Without any images, write the listing below out word for word.

- Provided material -
+ + +

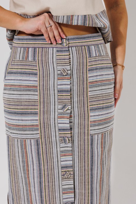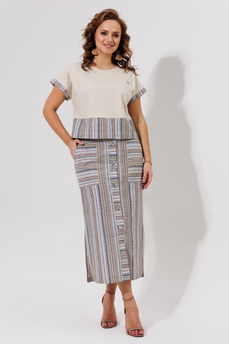 Юбочный костюм Galean Style 693 бежевый, мультиколор полоска
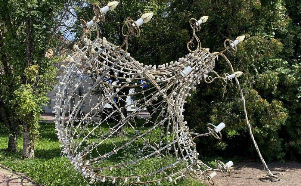 В Унече Брянской области таинственные вредители повредили новогоднего оленя - светящуюся инсталляцию, которую перед праздниками установили на площади Ленина
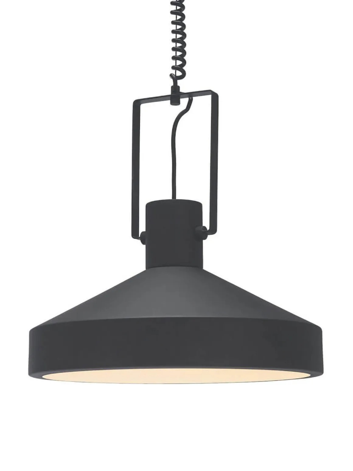 Vilken tuff taklampa Jojo i svart metall med läcker matt yta från PR-Home. Lampan levereras med justerbar sladd där det är lätt att själv välja höjden efter behov. Denna armatur installeras med en fast installation, det finns en utgång från takkoppen för att göra en smidig förlängning av kabel vid behov. Inne i armaturen sitter en diffuser som gör att du slipper se ljuskällan samtidigt som den ger ett jämt och behagligt sken. Ljuskälla och takkontakt köpes separat. Jojo finns i 2 storlekar och 2 färger här ser du den lilla 40cm i svart.

+ + +

- Output of the exercise -
 Юбочный костюм Galean Style 693 бежевый, мультиколор полоска
 В Унече Брянской области таинственные вредители повредили новогоднего оленя - светящуюся инсталляцию, которую перед праздниками установили на площади Ленина
 Vilken tuff taklampa Jojo i svart metall med läcker matt yta från PR-Home. Lampan levereras med justerbar sladd där det är lätt att själv välja höjden efter behov. Denna armatur installeras med en fast installation, det finns en utgång från takkoppen för att göra en smidig förlängning av kabel vid behov. Inne i armaturen sitter en diffuser som gör att du slipper se ljuskällan samtidigt som den ger ett jämt och behagligt sken. Ljuskälla och takkontakt köpes separat. Jojo finns i 2 storlekar och 2 färger här ser du den lilla 40cm i svart.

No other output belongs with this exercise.